> Aim of the exercise:
For this exercise, output exactly and only the lines running from the one with "Pricing Slider Using" through the final line of the data below, without pictures.

Entries taken from a collection
○ ○ ○ ○

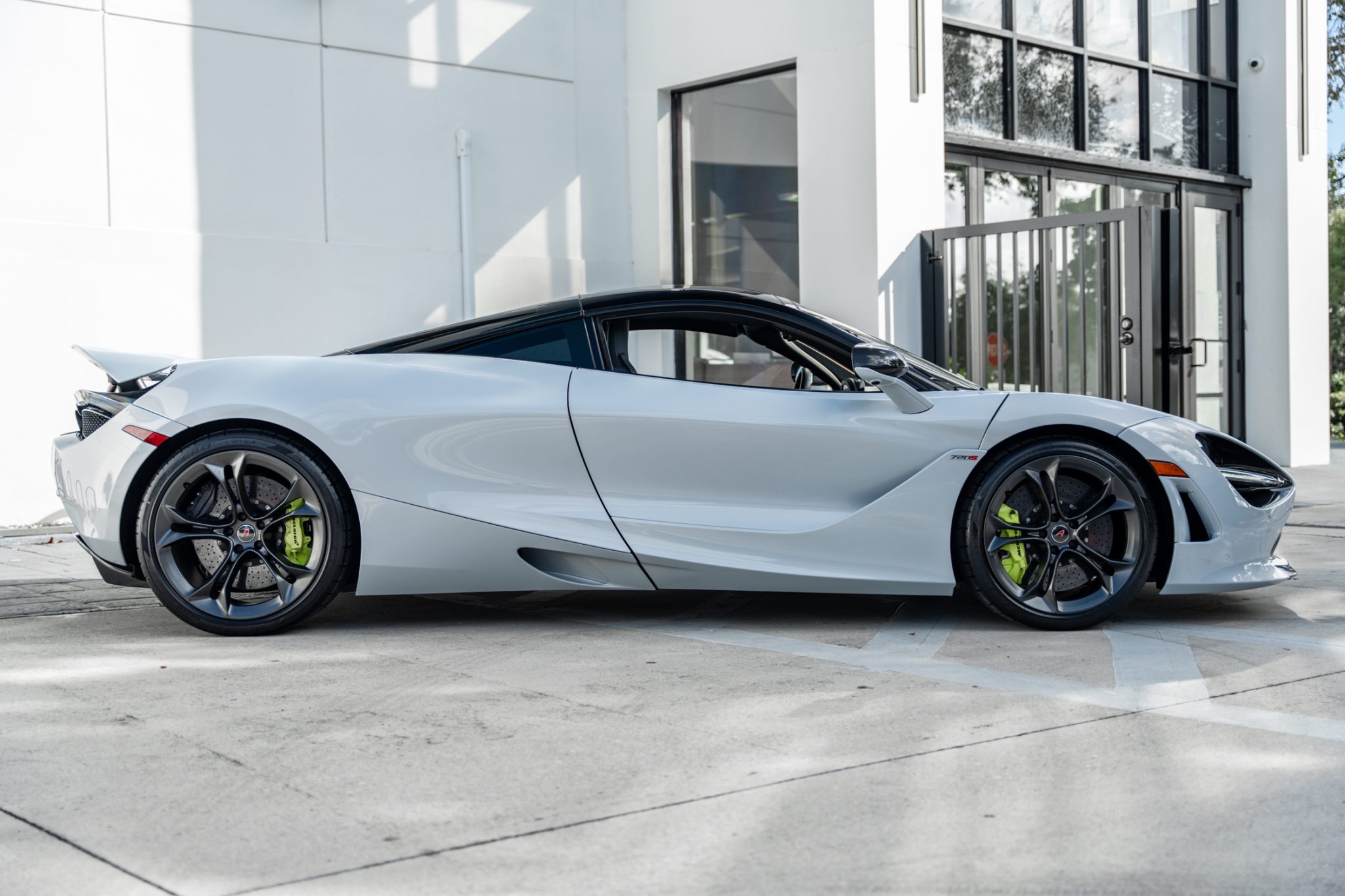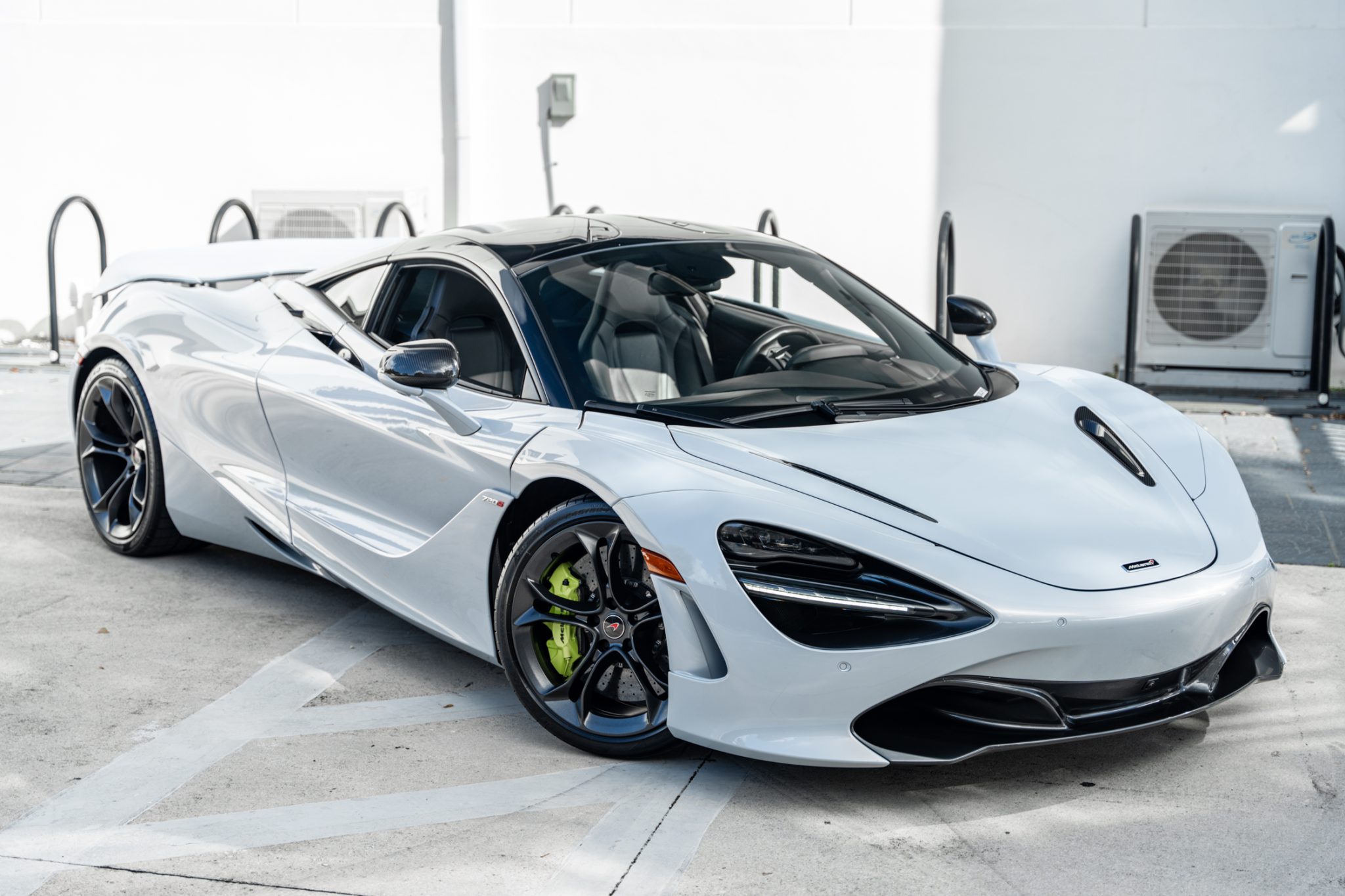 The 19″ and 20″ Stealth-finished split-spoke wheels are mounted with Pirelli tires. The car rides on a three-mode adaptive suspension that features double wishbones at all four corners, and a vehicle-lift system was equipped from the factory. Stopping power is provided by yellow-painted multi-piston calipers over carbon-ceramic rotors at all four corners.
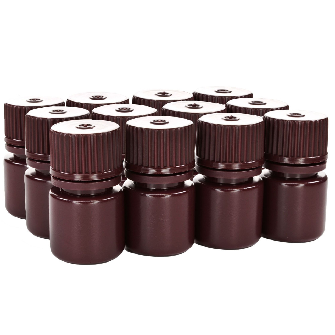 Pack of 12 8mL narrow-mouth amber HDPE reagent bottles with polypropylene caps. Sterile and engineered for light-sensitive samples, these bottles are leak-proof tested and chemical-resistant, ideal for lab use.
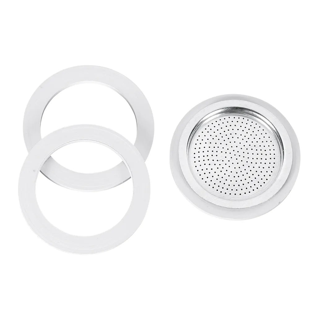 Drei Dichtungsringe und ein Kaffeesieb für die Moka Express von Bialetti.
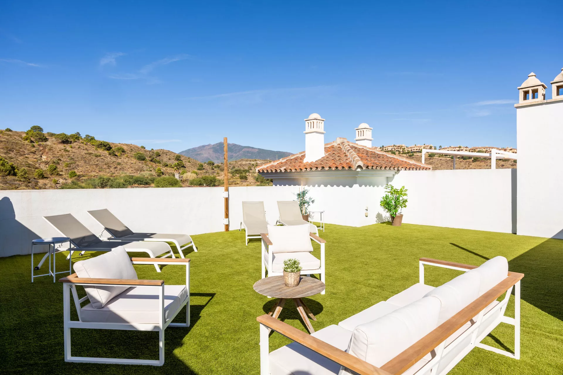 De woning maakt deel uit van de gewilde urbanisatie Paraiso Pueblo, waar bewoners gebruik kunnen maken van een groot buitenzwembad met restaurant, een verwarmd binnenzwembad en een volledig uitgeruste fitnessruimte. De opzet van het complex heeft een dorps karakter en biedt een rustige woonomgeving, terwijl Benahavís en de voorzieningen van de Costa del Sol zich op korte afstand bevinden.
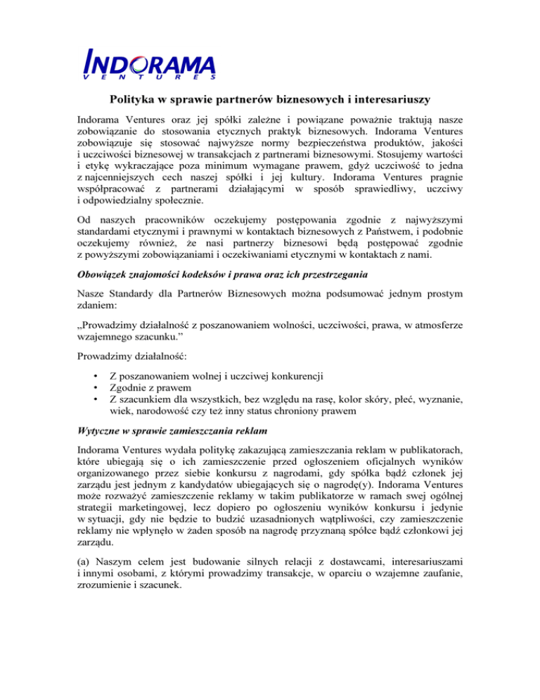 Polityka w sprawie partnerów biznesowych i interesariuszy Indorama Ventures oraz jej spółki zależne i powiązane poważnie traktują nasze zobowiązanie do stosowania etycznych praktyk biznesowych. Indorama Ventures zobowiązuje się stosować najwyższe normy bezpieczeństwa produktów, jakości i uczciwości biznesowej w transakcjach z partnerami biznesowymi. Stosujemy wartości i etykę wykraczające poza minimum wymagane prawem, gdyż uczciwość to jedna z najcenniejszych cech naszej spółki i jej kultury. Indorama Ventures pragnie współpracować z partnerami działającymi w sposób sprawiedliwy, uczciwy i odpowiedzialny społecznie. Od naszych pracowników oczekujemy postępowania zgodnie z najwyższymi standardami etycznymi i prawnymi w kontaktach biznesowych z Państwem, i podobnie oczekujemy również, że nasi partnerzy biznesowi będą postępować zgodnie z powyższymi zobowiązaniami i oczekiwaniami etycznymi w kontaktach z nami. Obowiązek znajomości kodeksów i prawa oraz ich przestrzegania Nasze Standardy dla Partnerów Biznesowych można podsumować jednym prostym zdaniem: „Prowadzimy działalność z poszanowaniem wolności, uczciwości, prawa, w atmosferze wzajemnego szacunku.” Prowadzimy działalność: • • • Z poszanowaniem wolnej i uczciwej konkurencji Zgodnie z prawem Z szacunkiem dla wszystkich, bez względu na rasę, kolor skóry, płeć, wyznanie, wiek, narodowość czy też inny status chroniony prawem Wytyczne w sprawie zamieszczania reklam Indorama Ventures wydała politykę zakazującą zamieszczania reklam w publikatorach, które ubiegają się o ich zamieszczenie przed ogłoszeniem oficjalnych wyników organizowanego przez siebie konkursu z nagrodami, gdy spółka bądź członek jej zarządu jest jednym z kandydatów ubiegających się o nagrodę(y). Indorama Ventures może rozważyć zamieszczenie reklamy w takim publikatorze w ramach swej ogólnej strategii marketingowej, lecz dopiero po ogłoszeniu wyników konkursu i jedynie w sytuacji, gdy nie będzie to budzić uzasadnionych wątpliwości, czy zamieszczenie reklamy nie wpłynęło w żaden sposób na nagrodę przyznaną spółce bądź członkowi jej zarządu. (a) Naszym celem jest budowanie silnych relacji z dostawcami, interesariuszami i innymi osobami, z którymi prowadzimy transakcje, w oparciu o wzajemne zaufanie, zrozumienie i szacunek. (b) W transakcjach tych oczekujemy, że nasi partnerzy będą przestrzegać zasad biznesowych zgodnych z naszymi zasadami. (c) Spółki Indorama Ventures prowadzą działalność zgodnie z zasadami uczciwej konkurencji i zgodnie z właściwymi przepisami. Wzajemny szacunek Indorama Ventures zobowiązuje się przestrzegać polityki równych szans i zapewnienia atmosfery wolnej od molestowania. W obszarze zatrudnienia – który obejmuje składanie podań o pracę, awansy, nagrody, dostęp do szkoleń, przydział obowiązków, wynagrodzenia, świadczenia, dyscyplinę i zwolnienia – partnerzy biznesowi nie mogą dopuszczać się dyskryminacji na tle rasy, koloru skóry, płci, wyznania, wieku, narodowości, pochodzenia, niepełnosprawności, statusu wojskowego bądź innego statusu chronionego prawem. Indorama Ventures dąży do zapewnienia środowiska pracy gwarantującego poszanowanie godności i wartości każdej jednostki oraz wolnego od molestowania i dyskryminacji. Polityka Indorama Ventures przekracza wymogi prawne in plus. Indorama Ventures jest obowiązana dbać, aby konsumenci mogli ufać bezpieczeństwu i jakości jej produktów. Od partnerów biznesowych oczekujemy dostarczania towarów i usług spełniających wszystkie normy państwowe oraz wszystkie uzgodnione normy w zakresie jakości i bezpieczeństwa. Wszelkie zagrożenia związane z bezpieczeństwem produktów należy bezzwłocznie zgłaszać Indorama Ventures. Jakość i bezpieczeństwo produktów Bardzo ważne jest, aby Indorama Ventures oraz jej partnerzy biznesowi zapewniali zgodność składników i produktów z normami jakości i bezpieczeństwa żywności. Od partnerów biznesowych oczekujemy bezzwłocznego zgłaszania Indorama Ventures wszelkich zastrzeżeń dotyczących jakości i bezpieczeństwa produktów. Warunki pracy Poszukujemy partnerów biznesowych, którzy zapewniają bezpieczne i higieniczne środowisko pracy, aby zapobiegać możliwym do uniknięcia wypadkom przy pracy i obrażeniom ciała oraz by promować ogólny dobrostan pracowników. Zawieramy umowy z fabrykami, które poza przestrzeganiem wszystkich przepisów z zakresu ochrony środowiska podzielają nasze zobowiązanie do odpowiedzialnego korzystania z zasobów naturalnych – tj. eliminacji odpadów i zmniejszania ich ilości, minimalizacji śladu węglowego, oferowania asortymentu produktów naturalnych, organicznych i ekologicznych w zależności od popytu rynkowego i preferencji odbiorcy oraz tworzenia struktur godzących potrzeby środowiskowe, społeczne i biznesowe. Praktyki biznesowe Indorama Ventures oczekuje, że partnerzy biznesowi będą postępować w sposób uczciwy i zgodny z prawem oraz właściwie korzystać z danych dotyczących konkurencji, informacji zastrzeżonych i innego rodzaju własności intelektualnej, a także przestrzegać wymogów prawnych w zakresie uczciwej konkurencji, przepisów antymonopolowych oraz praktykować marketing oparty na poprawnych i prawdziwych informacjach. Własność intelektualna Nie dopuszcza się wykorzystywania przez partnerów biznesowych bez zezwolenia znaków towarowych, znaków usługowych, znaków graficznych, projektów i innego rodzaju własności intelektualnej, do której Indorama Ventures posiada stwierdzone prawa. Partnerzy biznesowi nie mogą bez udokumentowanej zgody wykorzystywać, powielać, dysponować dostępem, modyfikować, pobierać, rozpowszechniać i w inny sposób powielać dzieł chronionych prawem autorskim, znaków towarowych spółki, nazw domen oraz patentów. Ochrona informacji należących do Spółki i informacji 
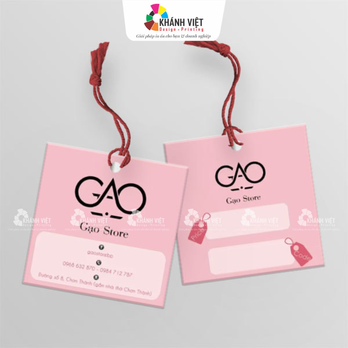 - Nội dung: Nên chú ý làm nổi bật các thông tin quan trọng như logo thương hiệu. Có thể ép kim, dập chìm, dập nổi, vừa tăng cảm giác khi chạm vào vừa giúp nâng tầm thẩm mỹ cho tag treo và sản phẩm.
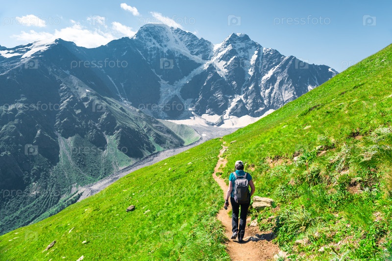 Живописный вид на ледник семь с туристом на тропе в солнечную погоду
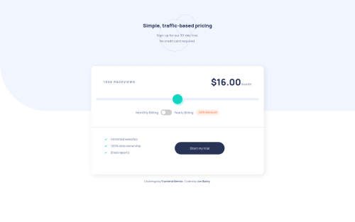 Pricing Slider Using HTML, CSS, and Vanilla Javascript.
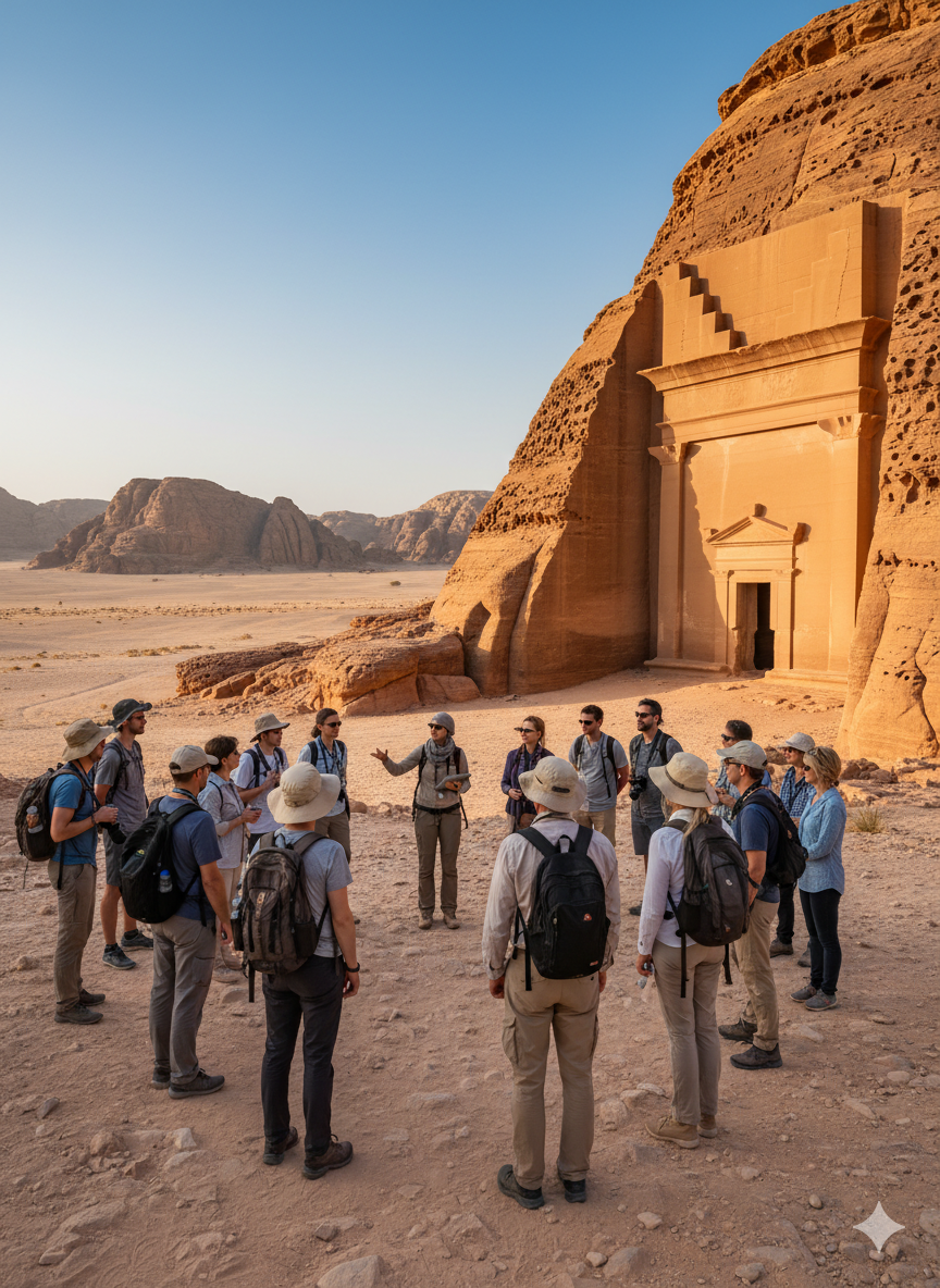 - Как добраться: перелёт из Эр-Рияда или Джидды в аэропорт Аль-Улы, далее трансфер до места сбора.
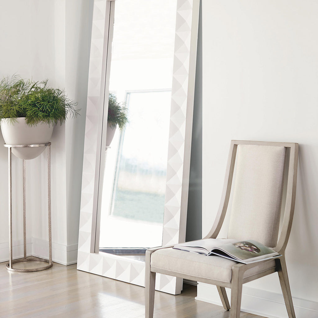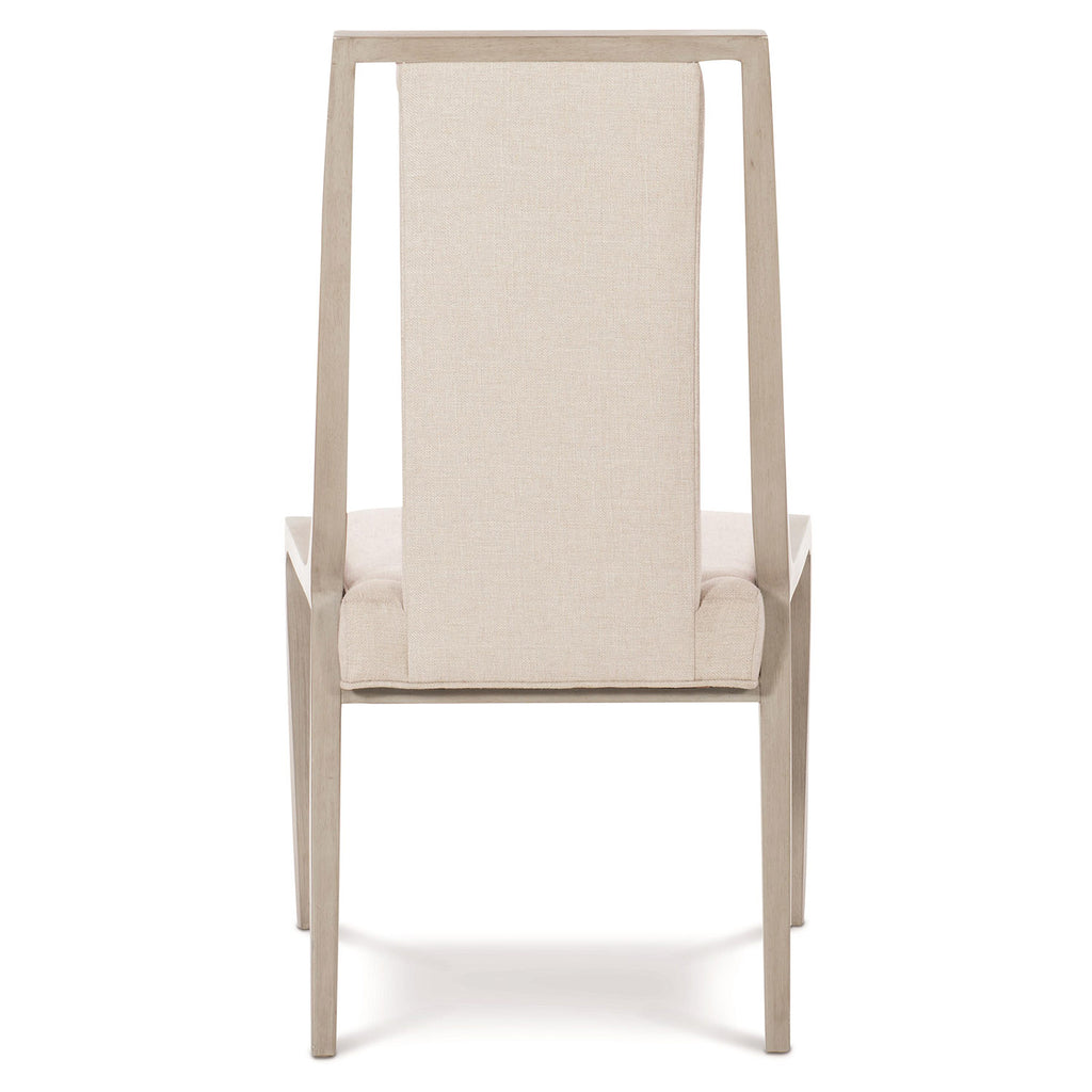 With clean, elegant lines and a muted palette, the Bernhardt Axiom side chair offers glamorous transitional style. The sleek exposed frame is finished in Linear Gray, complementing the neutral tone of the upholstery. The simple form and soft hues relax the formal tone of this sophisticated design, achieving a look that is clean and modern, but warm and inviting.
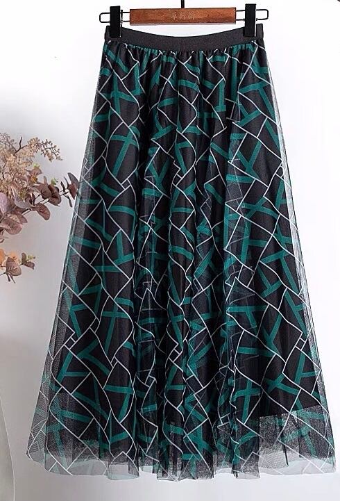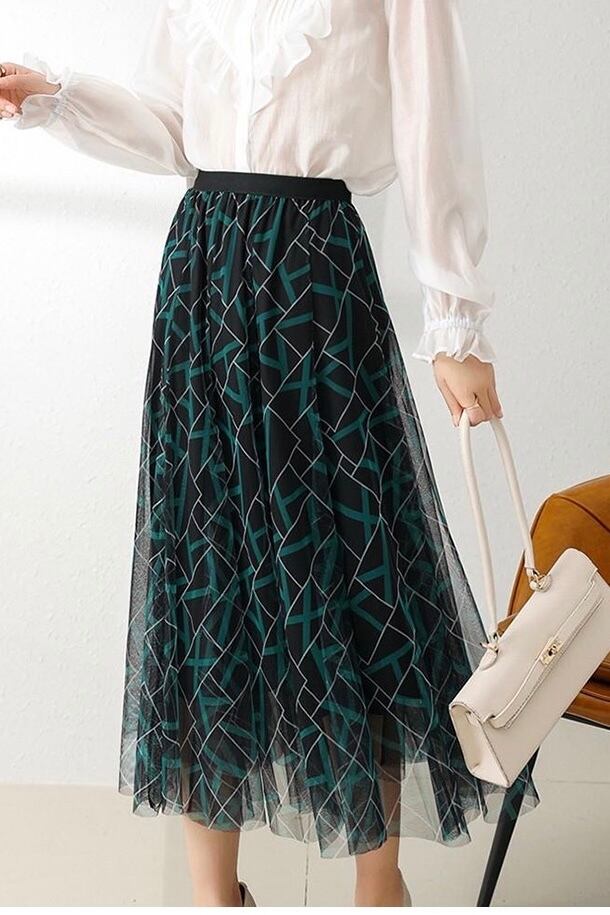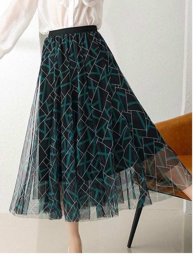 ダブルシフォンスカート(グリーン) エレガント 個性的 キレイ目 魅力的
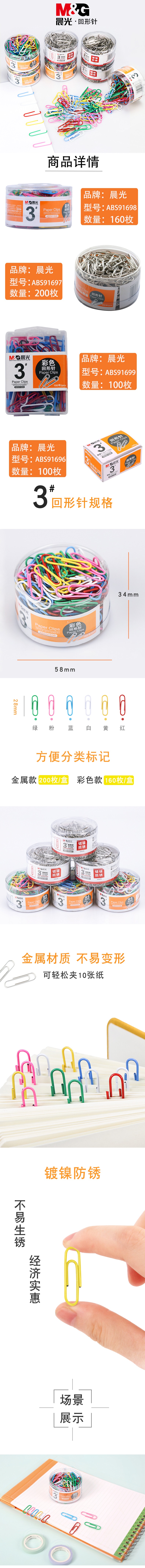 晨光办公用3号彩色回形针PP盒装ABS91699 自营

○ ○ ○ ○

> Answer for this exercise:
 Pricing Slider Using HTML, CSS, and Vanilla Javascript.
 - Как добраться: перелёт из Эр-Рияда или Джидды в аэропорт Аль-Улы, далее трансфер до места сбора.
 With clean, elegant lines and a muted palette, the Bernhardt Axiom side chair offers glamorous transitional style. The sleek exposed frame is finished in Linear Gray, complementing the neutral tone of the upholstery. The simple form and soft hues relax the formal tone of this sophisticated design, achieving a look that is clean and modern, but warm and inviting.
 ダブルシフォンスカート(グリーン) エレガント 個性的 キレイ目 魅力的
 晨光办公用3号彩色回形针PP盒装ABS91699 自营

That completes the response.